Problem: Reproduce the data exactly and drop any pictures it holds.

Information provided section start

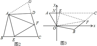 (2)延长FD到G,使DG=BE,连接AG,根据同角的补角相等求出∠B=∠ADG,然后利用“边角边”证明△ABE和△ADG全等,根据全等三角形对应边相等可得AE=AG,∠BAE=∠DAG,再求出∠EAF=∠GAF,然后利用“边角边”证明△AEF和△GAF全等,根据全等三角形对应边相等可得EF=GF,然后求解即可;
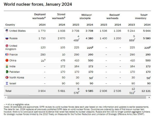 На начало 2024 года девять государств обладали в общей сложности 12 121 ядерной боеголовкой. Из них около 9 585 находились в боеготовности. Порядка 3 904 из этого количества были развернуты на ракетах или воздушных суднах (на 60 больше, чем в январе 2023-го). Около 2100 из развернутых боеголовок находились в состоянии повышенной боевой готовности на баллистических ракетах.
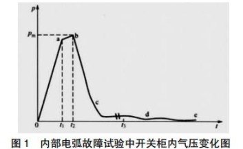 內部故障產生的損壞力與電弧產生的間隔容積,電弧電壓,持續的時間,短路電流大小有關。在電弧產生后,柜體內的壓力進程如圖1所示,壓力進程可以分為四個物理階段如圖1。
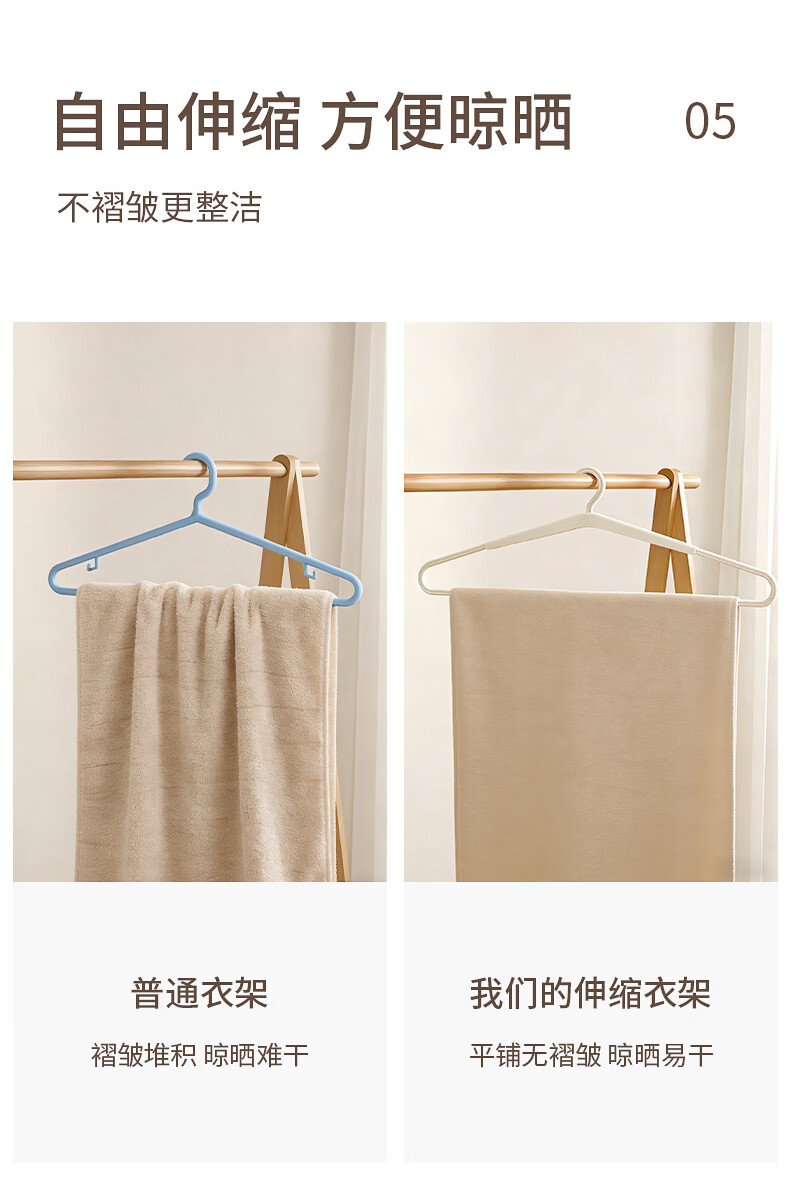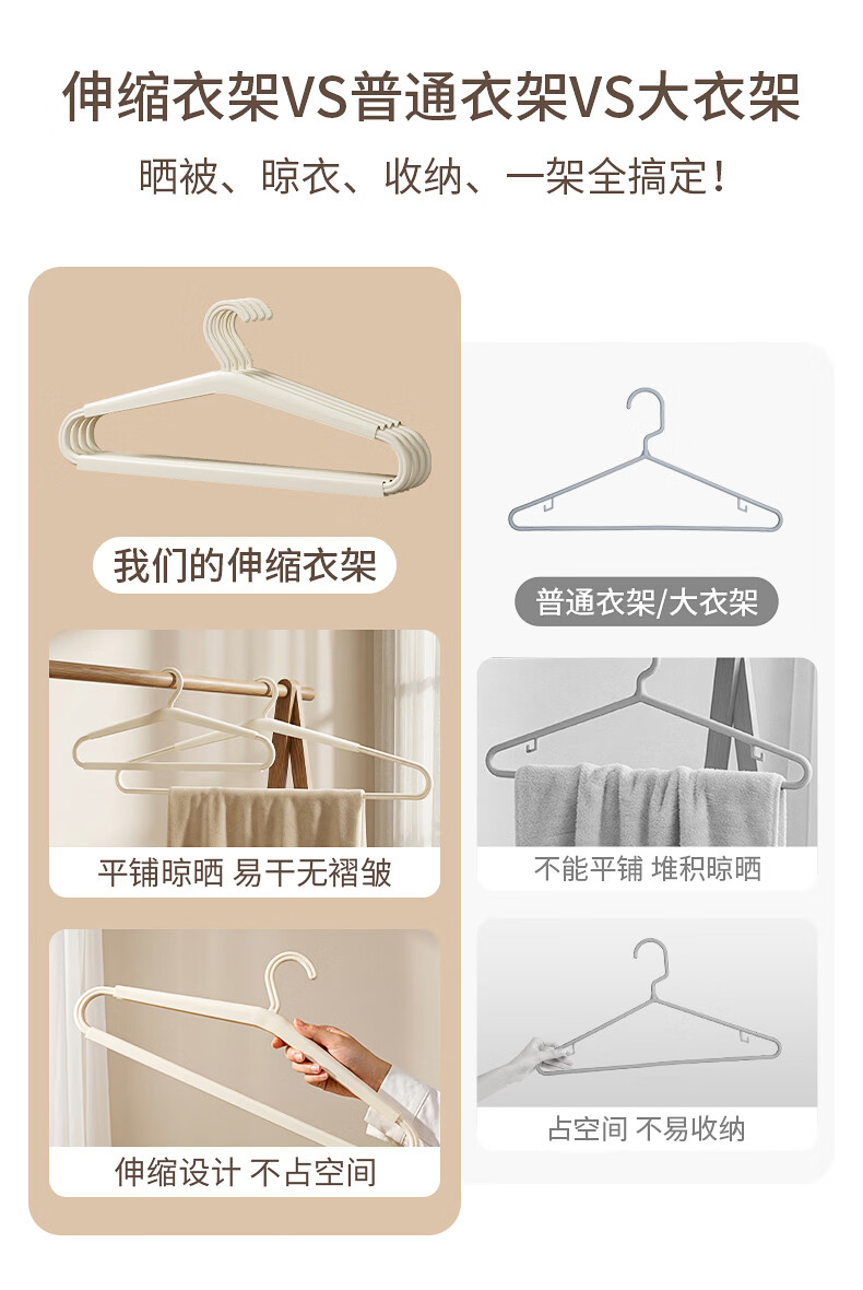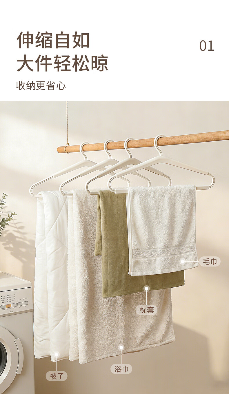 稻草熊可伸缩被单架子大衣架家用晾晒床单神器阳台晾晒被套架子专用挂架 伸缩衣架二个装(奶油白)

Information provided section end

Solution to this task:
 (2)延长FD到G,使DG=BE,连接AG,根据同角的补角相等求出∠B=∠ADG,然后利用“边角边”证明△ABE和△ADG全等,根据全等三角形对应边相等可得AE=AG,∠BAE=∠DAG,再求出∠EAF=∠GAF,然后利用“边角边”证明△AEF和△GAF全等,根据全等三角形对应边相等可得EF=GF,然后求解即可;
 На начало 2024 года девять государств обладали в общей сложности 12 121 ядерной боеголовкой. Из них около 9 585 находились в боеготовности. Порядка 3 904 из этого количества были развернуты на ракетах или воздушных суднах (на 60 больше, чем в январе 2023-го). Около 2100 из развернутых боеголовок находились в состоянии повышенной боевой готовности на баллистических ракетах.
 內部故障產生的損壞力與電弧產生的間隔容積,電弧電壓,持續的時間,短路電流大小有關。在電弧產生后,柜體內的壓力進程如圖1所示,壓力進程可以分為四個物理階段如圖1。
 稻草熊可伸缩被单架子大衣架家用晾晒床单神器阳台晾晒被套架子专用挂架 伸缩衣架二个装(奶油白)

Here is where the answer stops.